A personal loan lets you buy the pair outright from any retailer with a fixed rate and payoff date — worth comparing for a full washer-dryer set.

Scratch-and-dent or used is the quiet winner on cost — floor models and lightly used units sell for a steep discount, and a cosmetic flaw has no effect on whether your clothes get clean.

Setting up a laundry room from scratch

If you are building out a laundry room rather than just replacing a broken machine, you have more time — use it. Price scratch-and-dent units, watch for appliance sale events, and consider whether you need the washer and dryer at once or can stage the purchase. Time on your side is what lets you avoid both lease-to-own and rushed decisions.

Choose by total cost, not weekly payment

The single most important habit: rank options by what you pay in total, not by the size of the weekly payment. A $1,200 pair on an interest-free plan costs about $1,200; the same pair on lease-to-own can cost $3,000-plus. The small weekly number is exactly what makes the expensive option feel affordable.

Frequently Asked Questions

What is the cheapest way to finance a washer and dryer?

A short interest-free BNPL plan or a retailer 0% promo you can clear in time — or a scratch-and-dent unit paid outright. All beat lease-to-own dramatically.

Is lease-to-own worth it for laundry appliances?

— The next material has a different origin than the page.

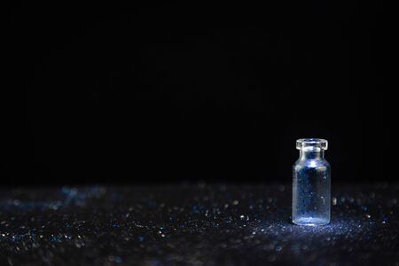 A little bottle put on the floor with all of glitter diamond dust on the floor on black background, have light shine on it like on stage

Only as a genuine last resort. Riding the lease to the end typically costs two to three times retail. Use the early-buyout option as soon as you can.

Can I finance a washer and dryer with bad credit?

Yes — BNPL usually uses only a soft check, and retailer financing serves lower-credit buyers. Lease-to-own will approve almost anyone, but it is the most expensive route by far.

The bottom line

For a washer and dryer, choose by total cost: a short interest-free BNPL plan, a retailer 0% promo, or a scratch-and-dent unit paid outright all beat lease-to-own by a wide margin. If you are setting up a laundry room from scratch, use the time to shop discounts and avoid rushed, expensive decisions.